Mechanism of low and high temperature

Mechanisms of Low- and High-Temperature

Injury to Plants

The mechanisms by which high and low temperatures

injure plants are quite different. High temperatures

apparently inactivate certain enzyme systems and accelerate

others, thus leading to abnormal biochemical reactions

and cell death. High temperature may also cause

coagulation and denaturation of proteins, disruption

of cytoplasmic membranes, suffocation, and possibly

release of toxic products into the cell.

Low temperatures, however, injure plants primarily

by inducing ice formation between or within the cells.

The rather pure water of the intercellular spaces freezes

first and normally at about 0°C, whereas the water

within the cell contains dissolved substances that,

depending on their nature and concentration, depress

the freezing point of water several degrees. Furthermore,

when the intercellular water becomes ice, more vapor

(water) moves out of the cells and into the intercellular

spaces, where it also becomes ice.

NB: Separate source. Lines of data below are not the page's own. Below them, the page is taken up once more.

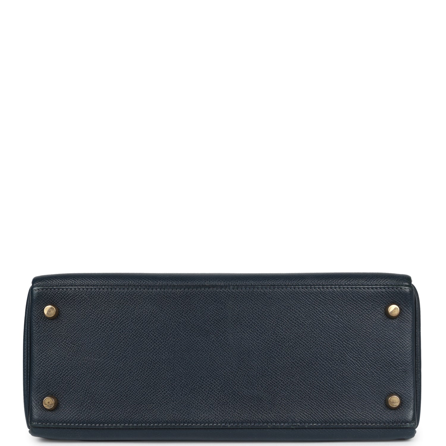 This Kelly, in the Retourne style, is of Bleu Marine courchevel leather with gold hardware and has tonal stitching, a front toggle closure, a clochette with lock and two keys and a single rolled handle.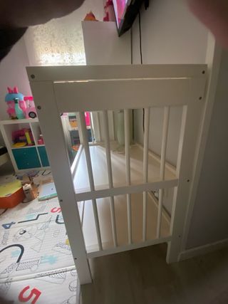 IKEA: Cuna Gulliver en perfecto estado con alguna leve marca (puedo enviar fotos) pero apenas usada. Cambiador Gulliver apenas usado con cambiador VADRA muy mullido y NUEVO. Se regalan 2 fundas de cambiador NUEVAS (Skotsam). Colchón TOTALMENTE NUEVO de muelles ensacados de Ikea. (60×120×11). Se regalan varios juegos de sábanas. El precio en tienda de todo el pack serían 353€. Se entrega ya montado. Se recoge en Parla. (Madrid) Precio algo negociable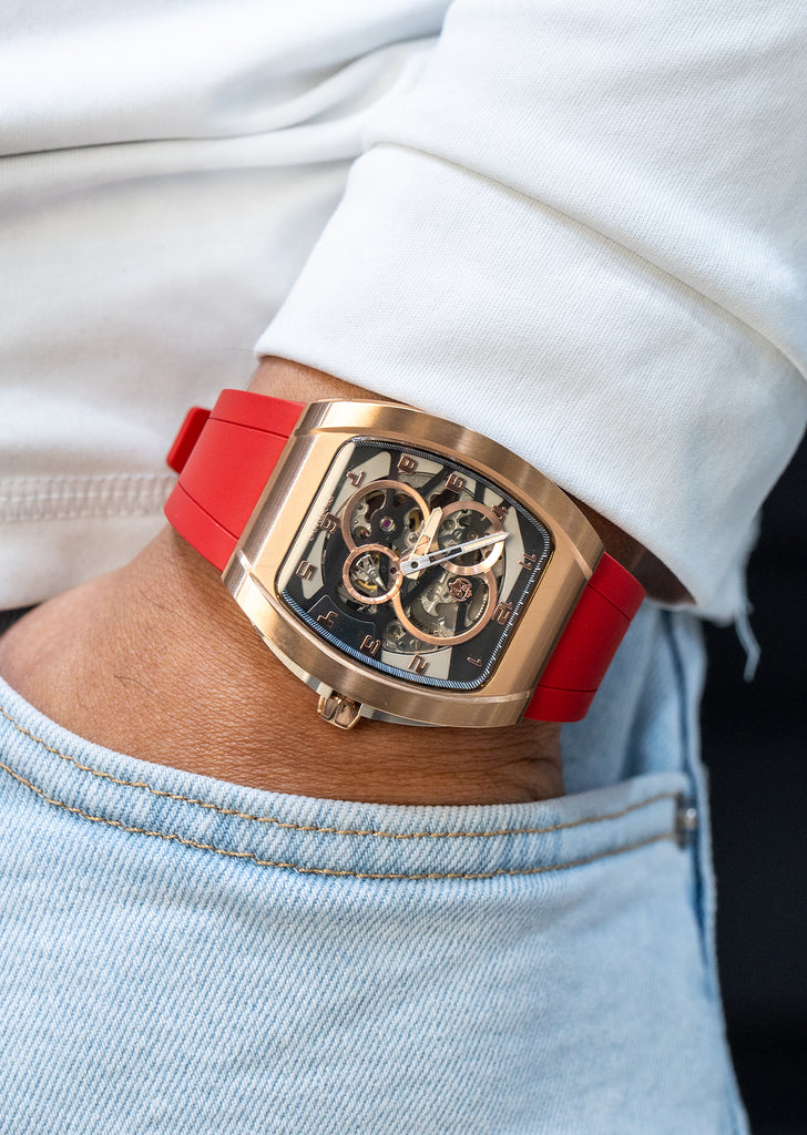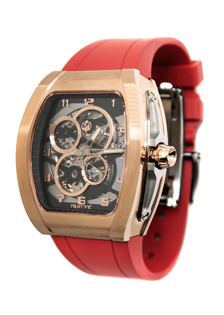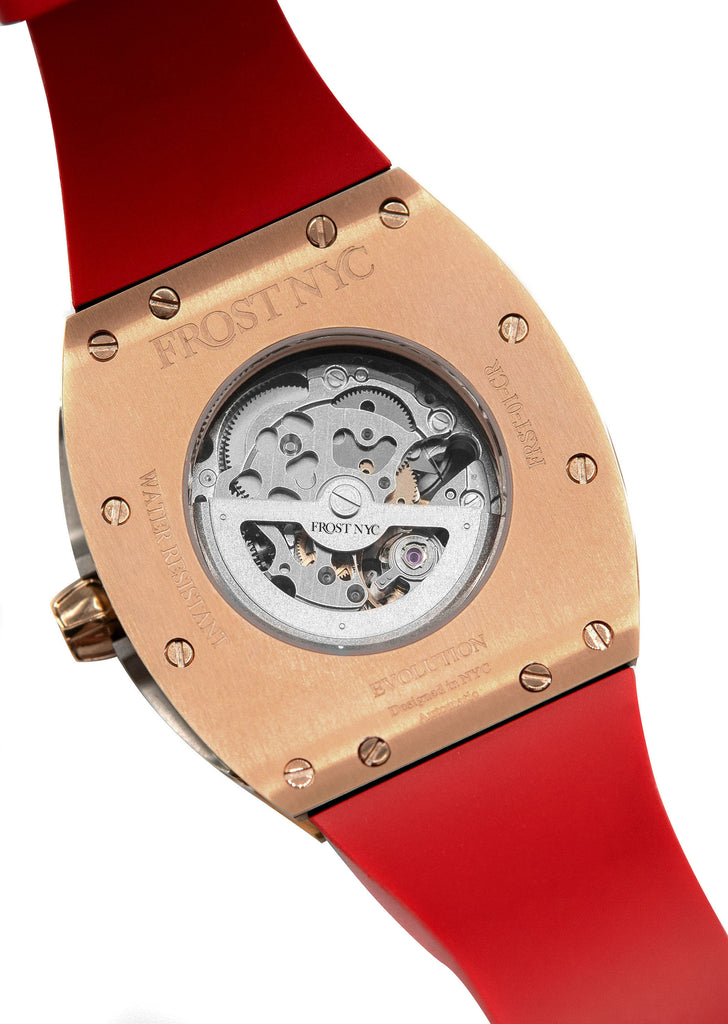 Frost NYC Mens Watch - Automatic Skeleton Rose Sport Watch | FRST-01-RC | Red

The reduced water

content of the cells depresses further the freezing point

of the intracellular water. This could continue, up to a

point, without damaging the cell, but below a certain

temperature ice crystals form within the cell, disrupt the

plasma membrane, and cause injury and death to the

cell.

Ice formation in supercooled water within leaves is

influenced greatly by the kinds and numbers of epiphytic

bacteria that may be present on the leaves. Certain

strains of some pathogenic (e.g., Pseudomonas syringae)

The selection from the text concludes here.